--- PROVIDED DATA ---
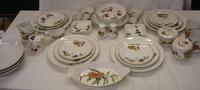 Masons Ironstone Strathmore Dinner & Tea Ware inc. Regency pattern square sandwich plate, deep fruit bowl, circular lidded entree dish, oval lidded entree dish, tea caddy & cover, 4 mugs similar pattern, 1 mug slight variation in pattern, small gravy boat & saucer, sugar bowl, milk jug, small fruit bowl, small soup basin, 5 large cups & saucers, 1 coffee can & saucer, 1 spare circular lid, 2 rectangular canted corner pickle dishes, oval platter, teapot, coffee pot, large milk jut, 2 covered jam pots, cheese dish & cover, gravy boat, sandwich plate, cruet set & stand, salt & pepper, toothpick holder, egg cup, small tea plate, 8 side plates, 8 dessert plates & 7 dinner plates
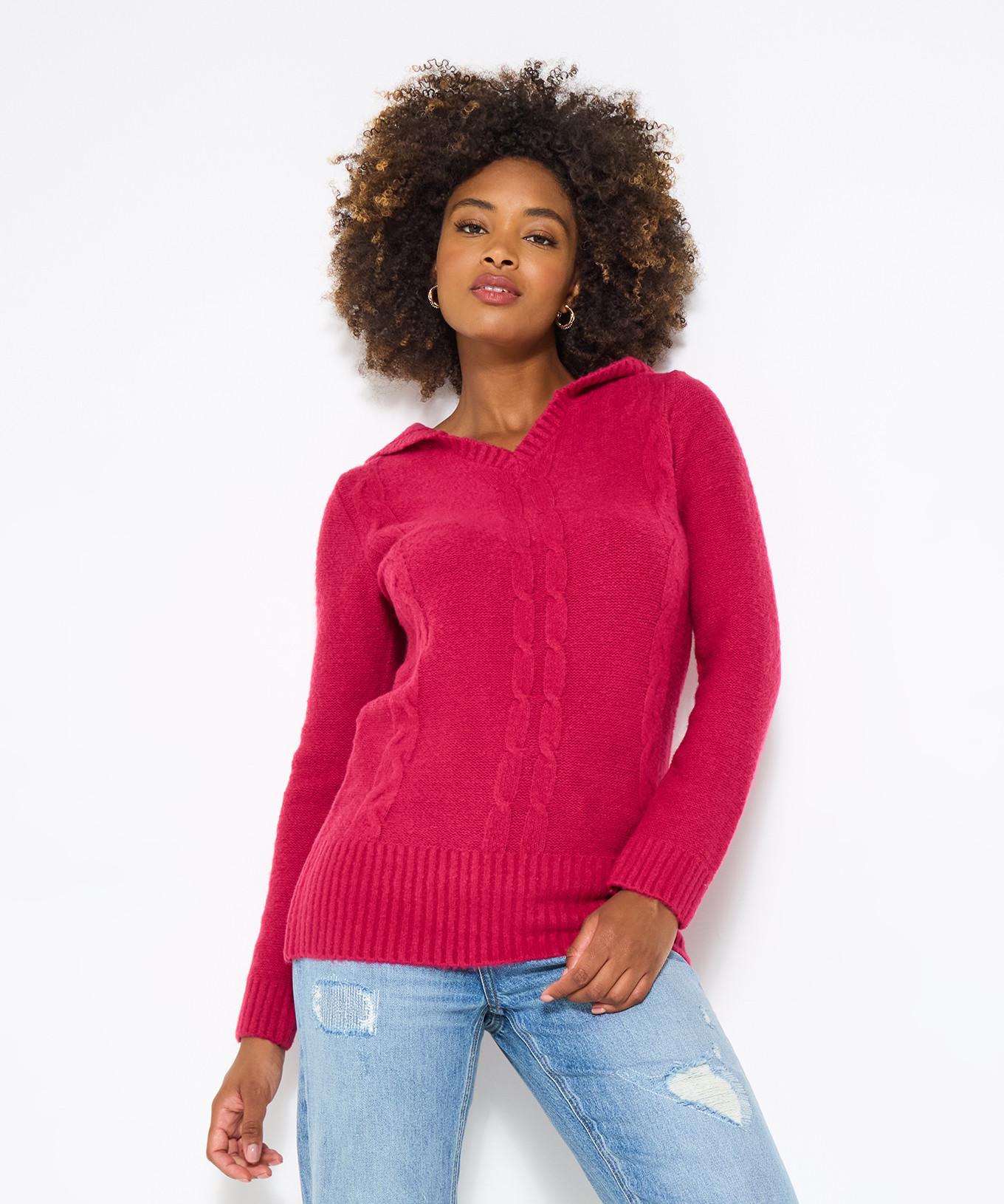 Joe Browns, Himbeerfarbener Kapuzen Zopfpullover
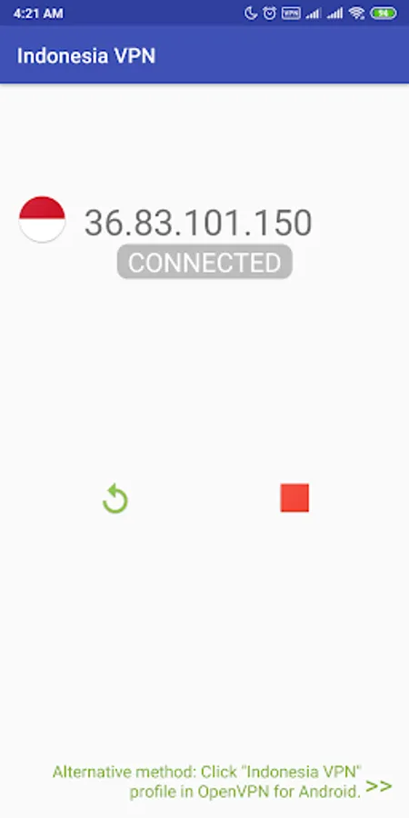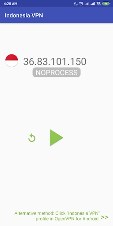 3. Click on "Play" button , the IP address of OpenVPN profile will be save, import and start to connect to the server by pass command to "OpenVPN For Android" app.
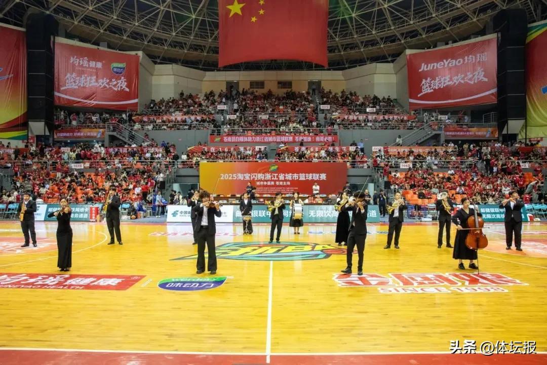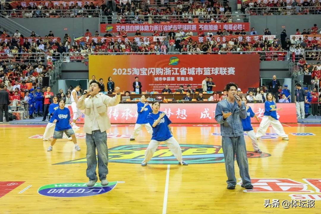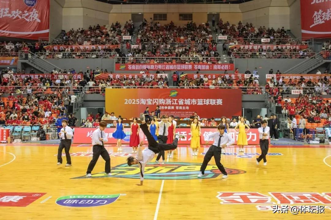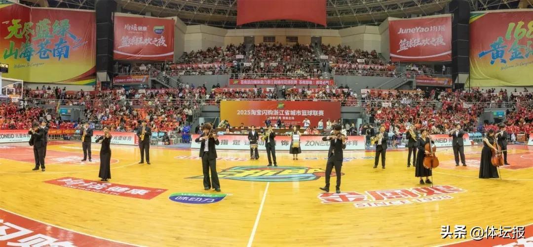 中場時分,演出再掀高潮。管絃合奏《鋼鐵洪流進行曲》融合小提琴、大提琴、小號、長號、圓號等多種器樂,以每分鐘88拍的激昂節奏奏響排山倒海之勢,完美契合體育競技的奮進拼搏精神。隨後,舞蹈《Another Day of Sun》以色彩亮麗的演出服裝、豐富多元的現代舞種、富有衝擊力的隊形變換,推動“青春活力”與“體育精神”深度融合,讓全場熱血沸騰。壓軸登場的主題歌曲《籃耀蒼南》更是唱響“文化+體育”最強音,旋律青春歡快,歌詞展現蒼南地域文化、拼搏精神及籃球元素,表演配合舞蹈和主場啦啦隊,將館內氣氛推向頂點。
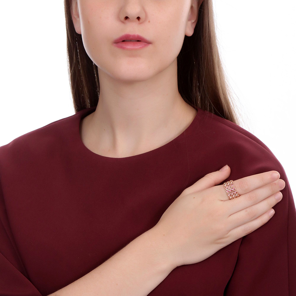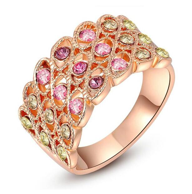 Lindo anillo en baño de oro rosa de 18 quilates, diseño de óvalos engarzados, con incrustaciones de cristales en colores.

--- WHAT TO WORK ON ---
Reproduce the material above in full and without alteration, but skip all pictures.

--- OUTPUT OF THE EXERCISE ---
 Masons Ironstone Strathmore Dinner & Tea Ware inc. Regency pattern square sandwich plate, deep fruit bowl, circular lidded entree dish, oval lidded entree dish, tea caddy & cover, 4 mugs similar pattern, 1 mug slight variation in pattern, small gravy boat & saucer, sugar bowl, milk jug, small fruit bowl, small soup basin, 5 large cups & saucers, 1 coffee can & saucer, 1 spare circular lid, 2 rectangular canted corner pickle dishes, oval platter, teapot, coffee pot, large milk jut, 2 covered jam pots, cheese dish & cover, gravy boat, sandwich plate, cruet set & stand, salt & pepper, toothpick holder, egg cup, small tea plate, 8 side plates, 8 dessert plates & 7 dinner plates
 Joe Browns, Himbeerfarbener Kapuzen Zopfpullover
 3. Click on "Play" button , the IP address of OpenVPN profile will be save, import and start to connect to the server by pass command to "OpenVPN For Android" app.
 中場時分,演出再掀高潮。管絃合奏《鋼鐵洪流進行曲》融合小提琴、大提琴、小號、長號、圓號等多種器樂,以每分鐘88拍的激昂節奏奏響排山倒海之勢,完美契合體育競技的奮進拼搏精神。隨後,舞蹈《Another Day of Sun》以色彩亮麗的演出服裝、豐富多元的現代舞種、富有衝擊力的隊形變換,推動“青春活力”與“體育精神”深度融合,讓全場熱血沸騰。壓軸登場的主題歌曲《籃耀蒼南》更是唱響“文化+體育”最強音,旋律青春歡快,歌詞展現蒼南地域文化、拼搏精神及籃球元素,表演配合舞蹈和主場啦啦隊,將館內氣氛推向頂點。
 Lindo anillo en baño de oro rosa de 18 quilates, diseño de óvalos engarzados, con incrustaciones de cristales en colores.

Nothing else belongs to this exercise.